# Out walking



## MaidenScotland (Jun 6, 2009)

I have been for a lovely walk this morning with the 3 dogs and I picked up a log of wood on the way and as I passed by a casa they owner asked me if I wanted wood.... my SIL and the 3 boys are all up there now collecting it.. they took up fresh eggs as a thank you. I walked with shorts and a vest type teeshirt... glorious and I don´t just mean the weather lol
I have borrowed a horse for the afternoon and will soon be out for a good canter I just hope the horse knows it´s way home .. I wont


----------



## Horus (Sep 17, 2010)

MaidenScotland said:


> I have been for a lovely walk this morning with the 3 dogs and I picked up a log of wood on the way and as I passed by a casa they owner asked me if I wanted wood.... my SIL and the 3 boys are all up there now collecting it.. they took up fresh eggs as a thank you. I walked with shorts and a vest type teeshirt... glorious and I don´t just mean the weather lol
> I have borrowed a horse for the afternoon and will soon be out for a good canter I just hope the horse knows it´s way home .. I wont


WOW your in Spain already, I thought you were in Egypt?

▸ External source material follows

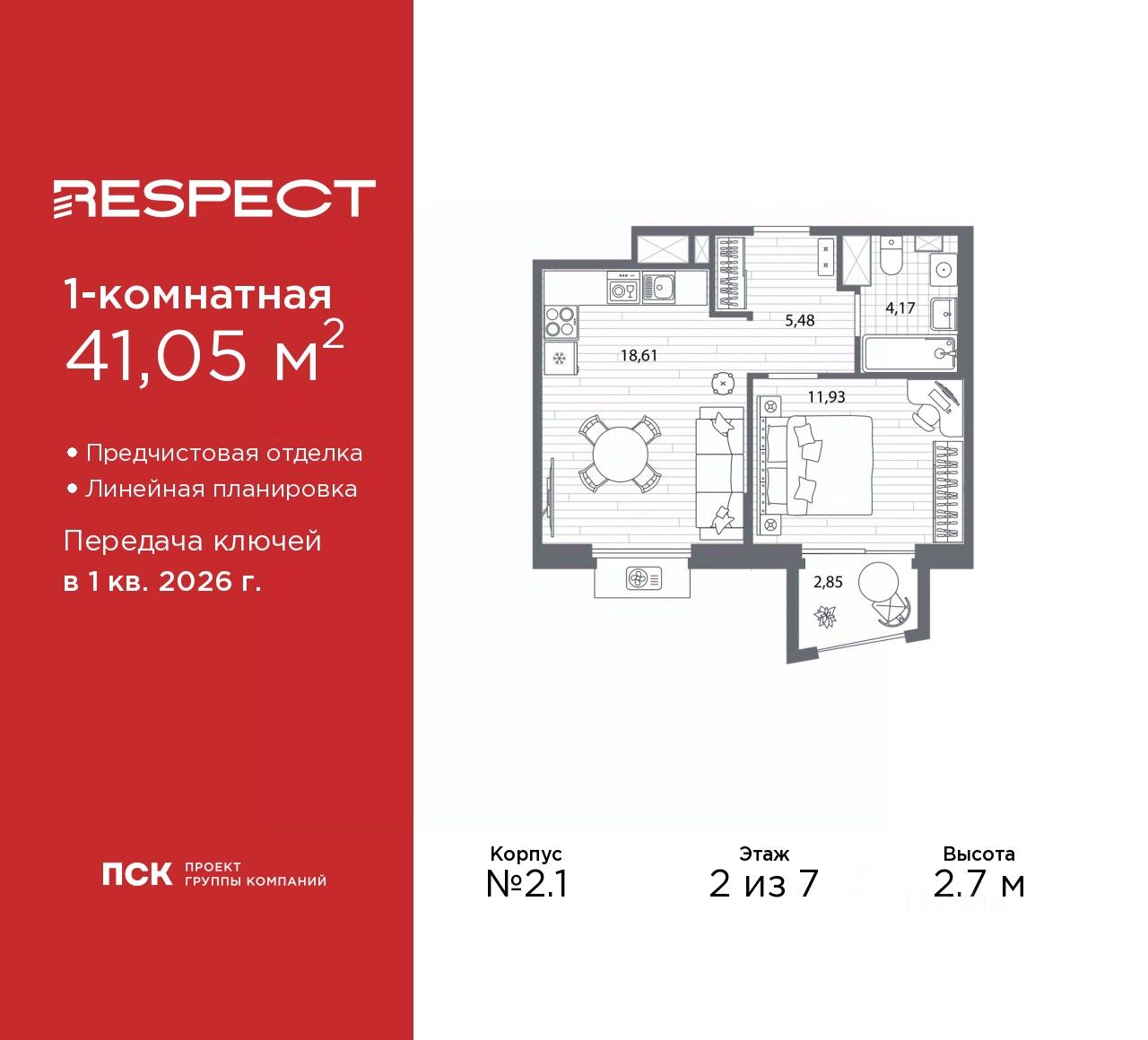 1-комн. квартира от застройщика с предчистовой отделкой в ЖК "RESPECT" на 2 этаже. Общая площадь: 41.05 кв.м., жилая: 11.93 кв.м., площадь просторной кухни-столовой: 18.61 кв.м. Все окна выходят на одну сторону. В квартире один балкон, один совмещенный санузел. Высота потолков 2.7 м.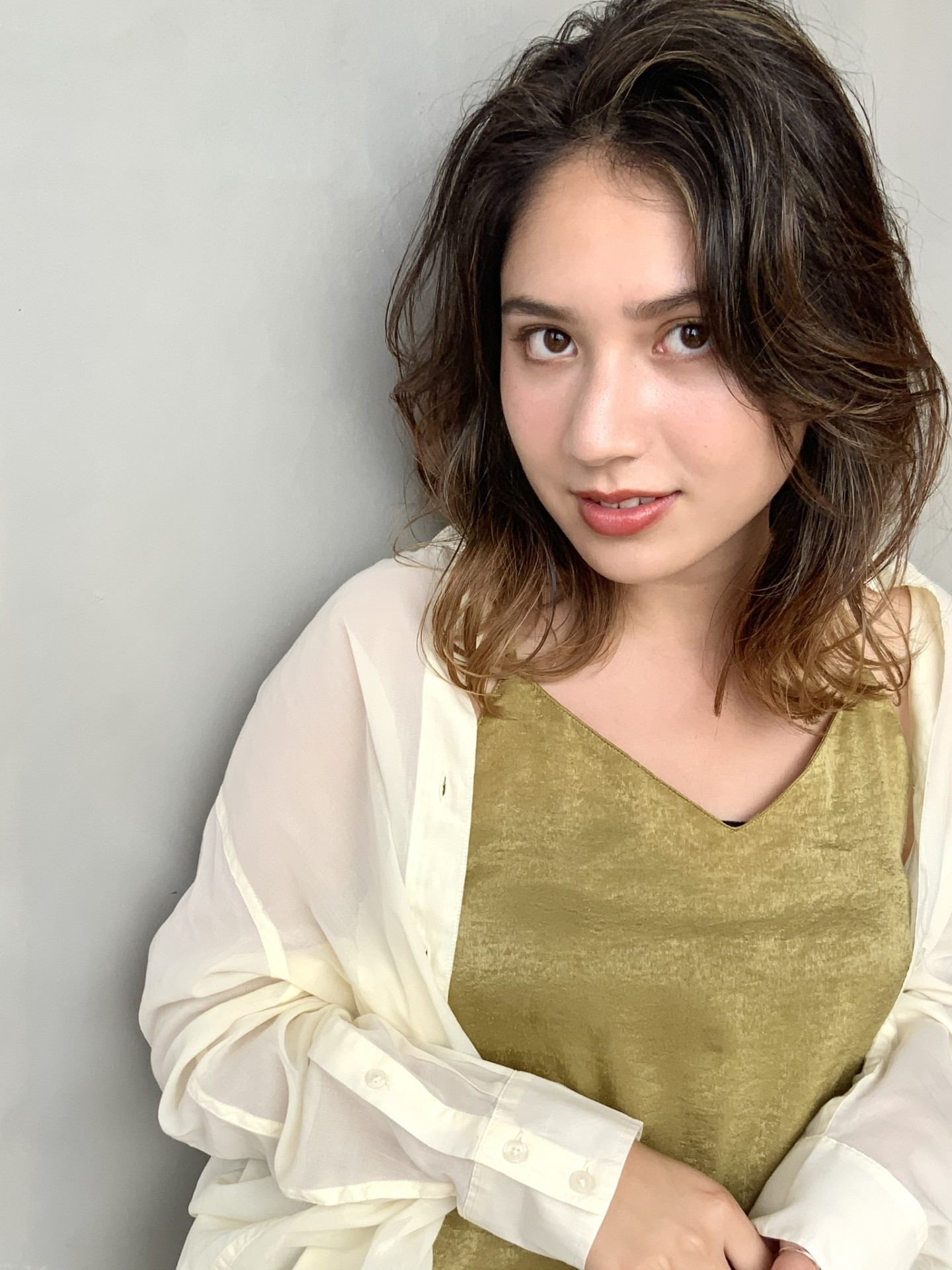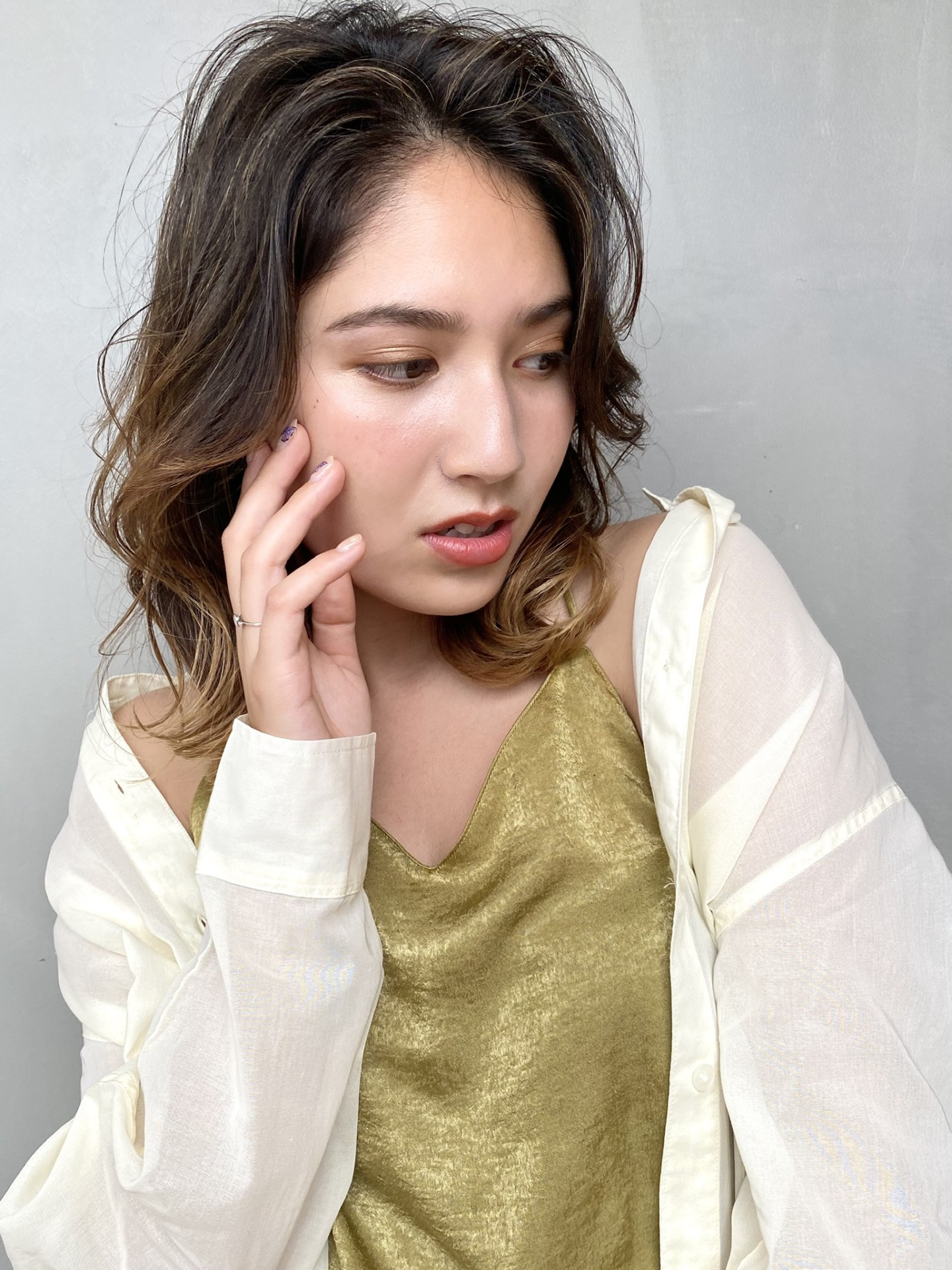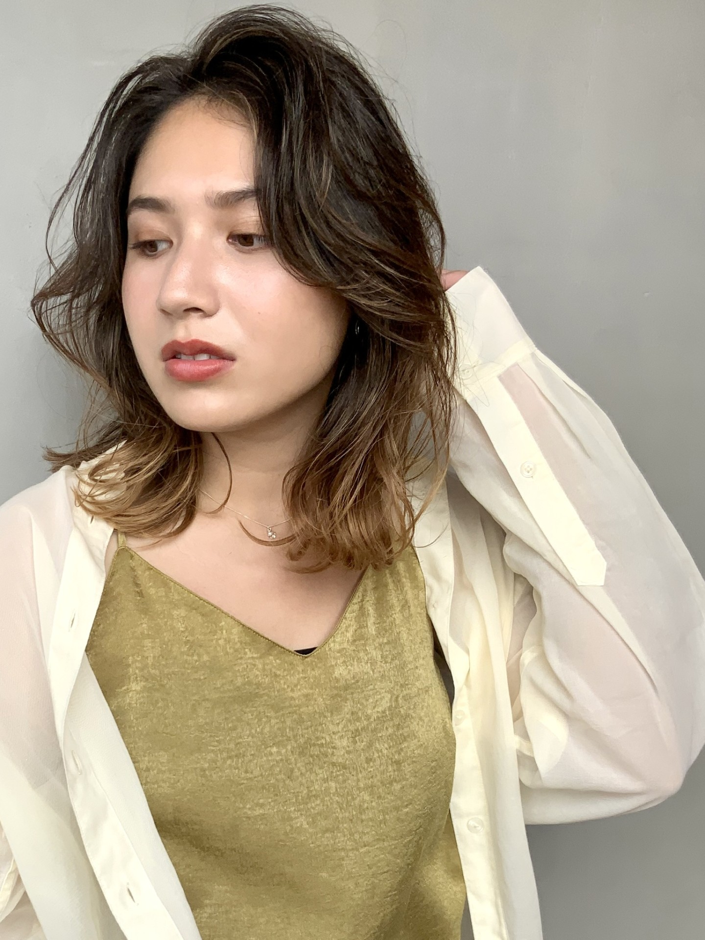女性らしい動きのあるシルエットに、細めでたっぷりと入れたハイライトでヘルシーに。

Sounds really nice, reminds me of when I used to go to Hayle, Cornwall years ago camping. I would find various branches for a BBQ later and there was a clearing I used to stand there watching the birds and holding my wood with one hand and my binoculars with the other. 

It's freezing outside at the moment so I think it would be almost impossible for me to get wood at the moment, it's too cold but something I want to do before I leave to Egypt, one of life's little pleasures.


----------



## SHendra (Oct 18, 2010)

MaidenScotland said:


> I have been for a lovely walk this morning with the 3 dogs and I picked up a log of wood on the way and as I passed by a casa they owner asked me if I wanted wood.... my SIL and the 3 boys are all up there now collecting it.. they took up fresh eggs as a thank you. I walked with shorts and a vest type teeshirt... glorious and I don´t just mean the weather lol
> I have borrowed a horse for the afternoon and will soon be out for a good canter I just hope the horse knows it´s way home .. I wont


It sounds heaven Maiden. Glad you got there all okay with the issues with flights in Spain! 

p.s I hope your not reading this lost somewhere on a horse!


----------



## greeny (Apr 29, 2008)

Horus said:


> WOW your in Spain already, I thought you were in Egypt?
> 
> Sounds really nice, reminds me of when I used to go to Hayle, Cornwall years ago camping. I would find various branches for a BBQ later and there was a clearing I used to stand there watching the birds and holding my wood with one hand and my binoculars with the other.
> 
> It's freezing outside at the moment so I think it would be almost impossible for me to get wood at the moment, it's too cold but something I want to do before I leave to Egypt, one of life's little pleasures.


:crazy:


----------



## Horus (Sep 17, 2010)

greeny said:


> :crazy:




You must have no appreciation for nature, it's very relaxing and I shall miss my bird table


----------



## greeny (Apr 29, 2008)

Horus said:


> You must have no appreciation for nature, it's very relaxing and I shall miss my bird table


I appreciate nature, I enjoy being outdoors. I also enjoy a good joke, you keep slipping them in there. :laugh:


----------



## MaidenScotland (Jun 6, 2009)

Update... the neighbours who I don´t know but who gave me the wood have just dropped off a litre of olive oil to thank me for the fresh eggs....they told me they were only too glad for me to have a use for the wood.... reminds me how different things are in Egypt..


----------